Class and race intertwine. So does gender, incidentally. We call that multiple marginality.
So a poor white person experiences discrimination differently from a poor black person.
A poor white women experiences disadvantages differently than poor black males.
Radical feminists argued that poor, black, homosexual females simultaneously experience four layers of discrimination.
Education funding from the government is class based. There's a lot of problems with leaving the analyis at the class level, however, but that's a good start and it's not inaccurate to discuss class issues. Usually, people who attempt to do so are accused of engaging in class warfare. I would not be "simply" talking classism if you'd understand the concept of institutional racism. I hope you go back and re-read my posts or perhaps look somewhere else for a more elaborate definition. I'm not sure how you take my historical examples of
de jure segregation giving rise to
de facto segregation and distill them into "classism." If there was a historical legal context of preventing white minorities from educating their children, owning homes, and voting thereby preventing them from building economic, political, and social capital, then you'd have a stronger argument.
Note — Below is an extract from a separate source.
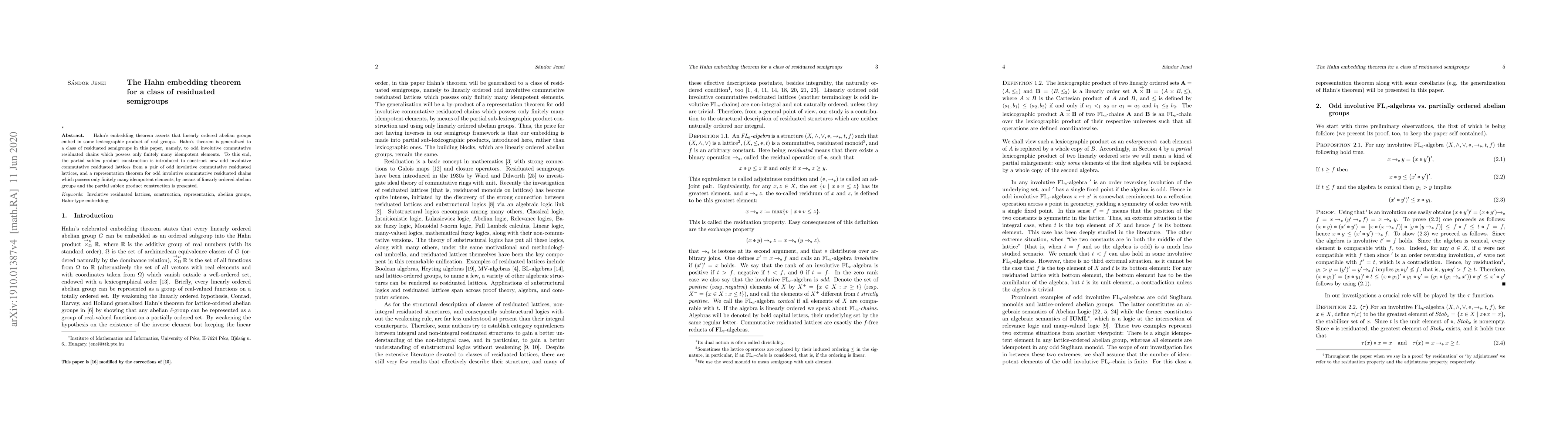 This paper generalizes Hahn's embedding theorem to a class of residuated semigroups, specifically odd involutive commutative residuated chains with finitely many idempotent elements, using a novel partial sublex product construction. A representation theorem is provided to embed these structures in terms of linearly ordered abelian groups.

If you're actually interested in this stuff, there's a canon of discrimination literature available for the asking. If you don't have a certain amount of the literature under your belt, then people who know about it aren't likely to take your views on it with much weight. I'm not talking about here in this context, we're just forum avatars bouncing ideas around. I mean if you encounter someone who wants to have a serious discussion in real life...or maybe if you're curious and want to base your opinions on more than speculation and a collection of anecdotes.
You might be interested to start at the beginning:
I'd suggest reading some stuff from Omi & Winant
http://en.wikipedia.org/wiki/Howard_Winant
Here's something I thought you might find interesting:
http://www.essortment.com/all/analysesrace_rspo.htm
(I read it...I found it while googling for links to stuff I knew about to link for you. So if you agree or disagree with portions of it, let me know and we can take it from there; don't just assume I agree with everything I'm posting for you to consume or that everything is coming from a radical leftist perspective)
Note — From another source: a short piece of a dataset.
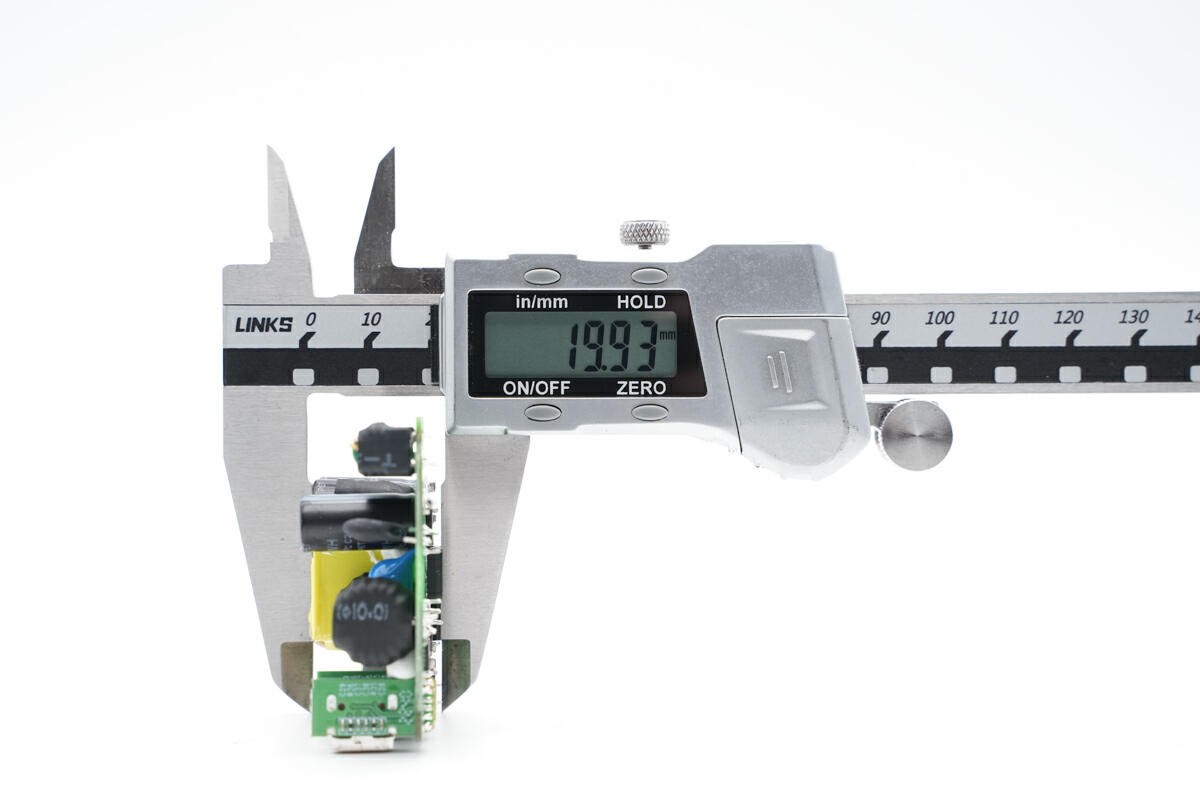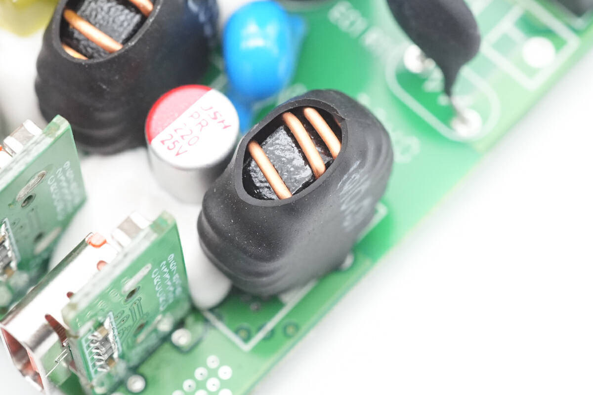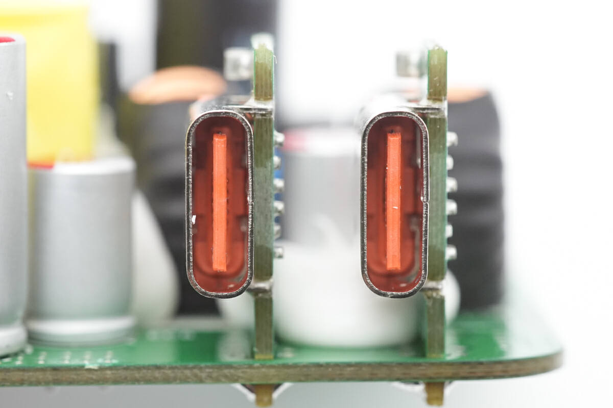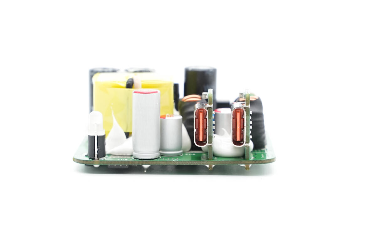 輸出側焊接濾波電容和輸出小板,USB-C母座焊接在垂直小板上。

You could also check out some writing about world systems theory.
http://en.wikipedia.org/wiki/Immanuel_Wallerstein
I'm trying to remember two other theorists that you might enjoy reading. Well, one you would enjoy, the other you would just have to endure because he's dry as shit.
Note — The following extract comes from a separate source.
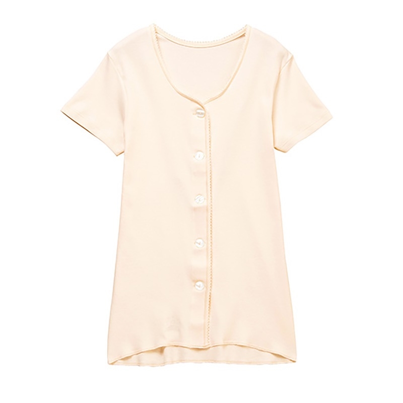 やわらかいスムース編み、肌側マイクロ起毛でやさしい肌あたり。

It's probably also important to note that the critical race theory started out as a critique of liberalism. It's not like all these people are coming from the left. Much of the project was to argue that the leftists could not speak for the racially oppressed since they represented the views of the dominant racial paradigm. As an example that you might understand, some of the harshest critiques of white feminists were from black feminists not from conservatives. It's like building blocks, it's not really going to be profitable to try and glean anything from just one block.